- Business owners should develop an exit strategy years before they want or need to sell.
- A professional valuation is the foundation of your plan to sell your business.
- Consider whether you have an internal successor or if you'll need to find outside buyers.
- Consult with your tax and financial advisors on managing the proceeds from the sale.
When you’ve spent years running a business, it can be difficult to take a step back and view that company in the context of your overall financial plan. But all business owners will have to step aside someday—whether by choice or by necessity. At that point, you’ll want to ensure that you and your family receive the maximum benefit from your years of hard work.
"To realize the full value of this asset, you have to do some advanced planning around your own retirement needs and the legacy you want to leave," says Nathaniel Arnett, Director, Advanced Planning at Fidelity Investments.
Many business owners put off this kind of planning. In fact, one survey found that only 17% of business owners had an exit plan in place.1 But it’s critical to think through your options years before you want or need to walk away so you put the pieces in place for your preferred exit strategy.
Here are 6 suggestions to help you start planning for the eventual sale of your business—and for what comes next.
Get realistic about your company’s value
Business owners are often surprised by what their businesses are really worth. Some underestimate how much a buyer may be willing to pay for a turn-key operation with consistent revenue, like a successful vehicle service/repair shop, says Arnett. But many overestimate their company’s value, particularly professional services firms that are tied closely to the founder’s skills and client relationships.
That’s why the first step in any planning is to get an independent business appraisal.
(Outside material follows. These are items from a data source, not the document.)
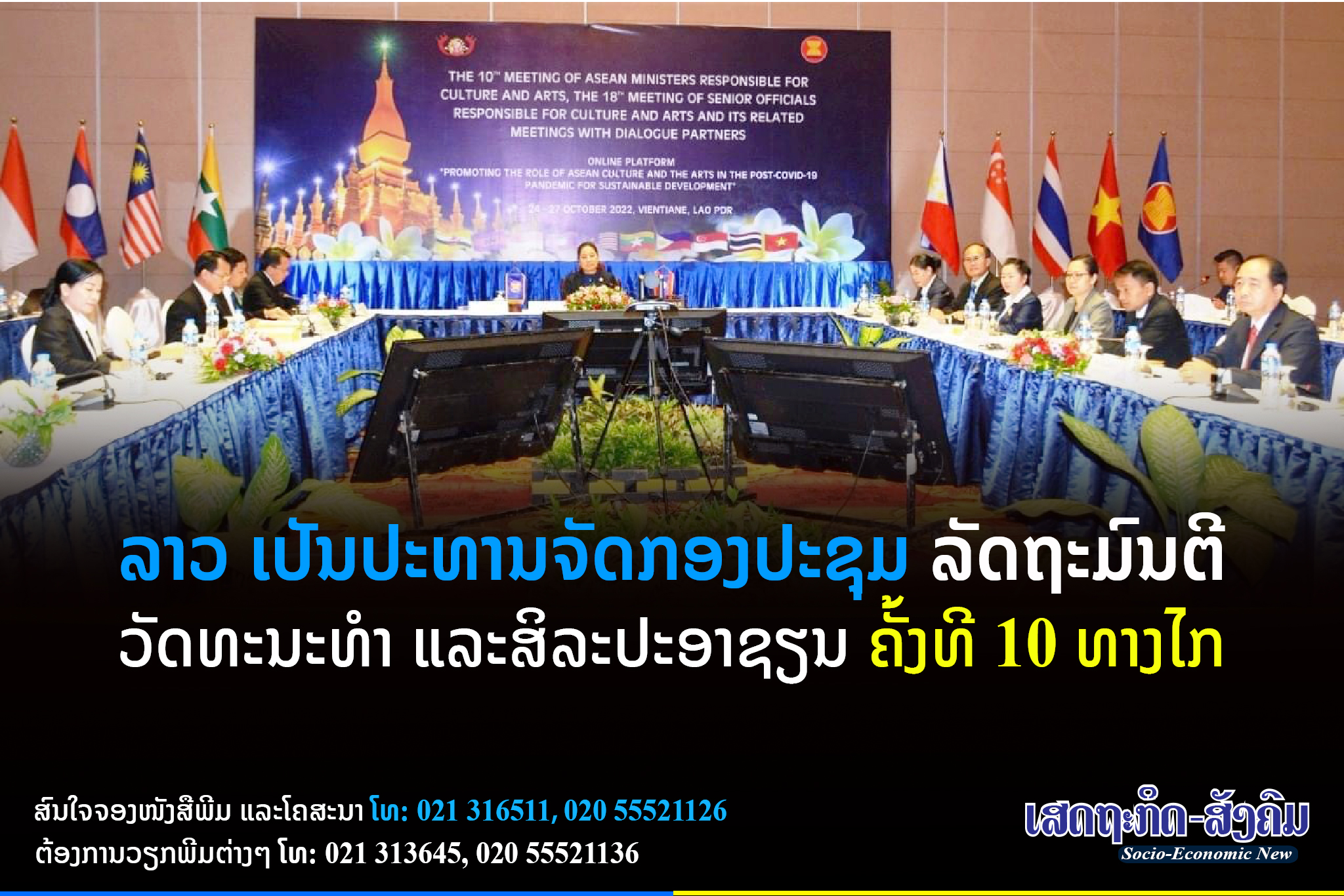 ວັນທີ 27 ຕຸລາ 2022, ນະຄອນຫລວງວຽງຈັນກອງປະຊຸມລັດຖະມົນຕີ ວັດທະນະທໍາ ແລະສິລະປະອາຊຽນຄັ້ງທີ 10 ແລະ ກອງປະຊຸມກ່ຽວຂ້ອງໃນຮູບແບບທາງໄກໂດຍການເປັນປະທານຂອງທ່ານ ນາງ ສວນສະຫວັນ ວິຍະເກດ ລັດຖະມົນຕີກະຊວງຖະແຫລງຂ່າວ,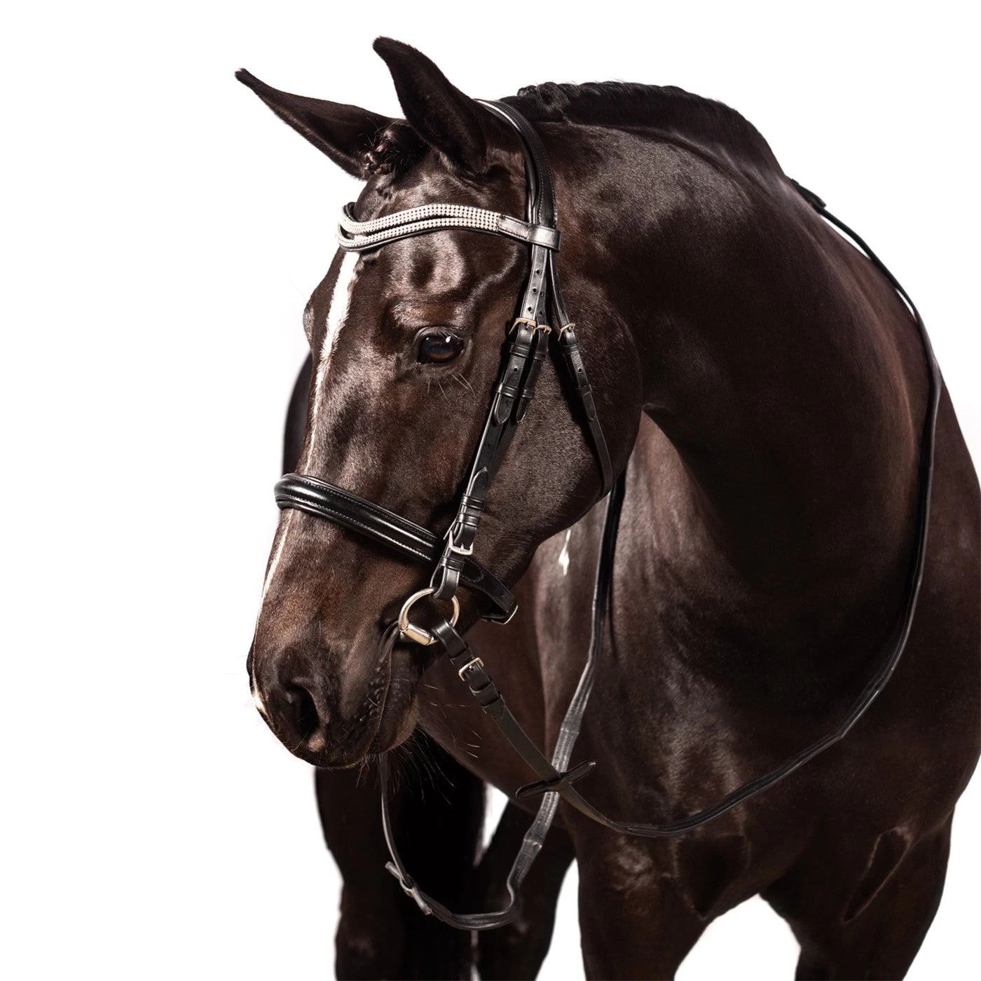 - Stylish black leather dressage bridle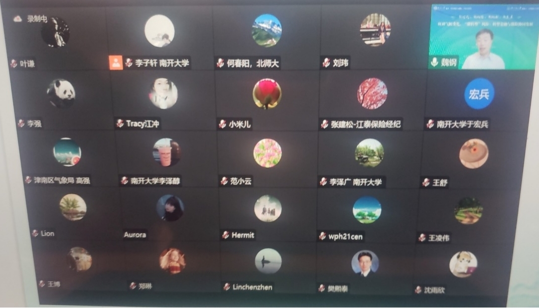 2022年12月23日上午,京师减灾大讲堂2022年第13期以“应对气候变化、碳转型风险:转型金融于保险协同发展”为题,通过线上的方式举办(腾讯会议ID:643-225-373)。此次活动联合南开大学灾害风险管理学术大讲堂共同组织召开。作为鉴黄师 灾害风险研究院与南开大学灾害风险管理巨灾保险研究中心第一次联合学术交流活动,得到了双方上级部门的大力主持,也吸引了来自全国学术界、企业界和政府部门的专家学者和师生共80多名参加。

Look for professionals with accreditations such as:
- Certified Business Appraiser (CBA) from the Institute of Business Appraisers
- Accredited in Business Valuation (ABV) from the American Institute of Certified Public Accountants
Having a realistic estimate of your company’s value helps you determine if it’s enough to support your retirement needs and legacy goals. If the value is lower than you expected, you can develop strategies to grow the business to help boost its valuation before you sell, focus on building assets in other areas, such as your retirement accounts, or reduce expenses so you can save more.
Determine who’s next in line
You might already have a successor in place, such as a family member, business partner, or key employee. But this type of business transfer typically involves several years of preparation, which is best accomplished through a formal succession plan.
For example, if you intend to sell your stake in the business to current partners, you should create a formal buy/sell agreement that outlines how that transfer will take place and how the other owners will pay you or your surviving heirs.
If you don’t have an internal successor, make a plan to market your business
If you don’t want to juggle your buyer search with your management duties, consider hiring a business broker. They can help develop a strategy for marketing your business, screen potential buyers to find a good fit, and negotiate the sale. In exchange, expect to pay the broker about 10% of the sale price, which will reduce the amount you walk away with and may require you to reconfigure your savings or retirement plans to close the gap.
If you pursue this route, look for accredited professionals such as:
- Certified Business Intermediary (CBI) from the International Business Brokers Association
- Merger & Acquisition Master Intermediary (M&AMI) from M&A Source
Also remember that buyers will want to look under the hood of your business by scrutinizing its tax returns, income statement, and balance sheet. If you don’t have clean, organized books, work with your business accountant to get those reports in order before you embark on a potential sale.
Consider how you want to get paid
There are countless ways to structure a business sale, and the options come with important implications for your finances and lifestyle. You might prefer receiving a lump-sum payment, so you can make a clean break from the business—but many buyers won’t have enough cash on hand to pay in full. That said, you might prefer to offer seller financing or an installment plan, or even stay on as a consultant, so you can receive an income stream to replace your paycheck.
Also consider whether you can retain some of your company’s assets for your own financial needs. For example, you might be able to sell the operating business but retain the real estate and provide a long-term lease to the new owners.
"Any of these options can be built into an agreement, but you have to go into the negotiations clear about what works best for you," says Arnett.
Remember the tax implications
A successful business can be a large, appreciated asset, so expect a tax bill after the sale. How much you’ll owe depends on how you structure the deal, so work with a tax advisor during your exit planning process to examine the implications of different options.
"The type of assets being sold, and how much of the purchase price is allocated to each asset, may play an important role in determining your tax burden," says Arnett. For example, the portion of the sale price allocated to capital assets, such as business equipment or machinery, will typically be taxed at capital gains rates, while the portion of the sale price allocated to certain intangible assets may be taxed as ordinary income.
The timing of the receipt of the sale price may also determine your overall tax burden, says Arnett. "Receiving a one-time payment will result in large tax bill in the year you complete the sale, while selling the business on an installment basis may allow you to spread that tax burden over time."
Be smart about using the proceeds
Exit planning should also include a strategy for making the most of the money you receive. Consult your financial advisor on putting the proceeds to work in a diversified portfolio that supports your retirement needs. Lastly, remember to update your estate planning strategy to help ensure that the value you created by growing a business can support your family for generations to come.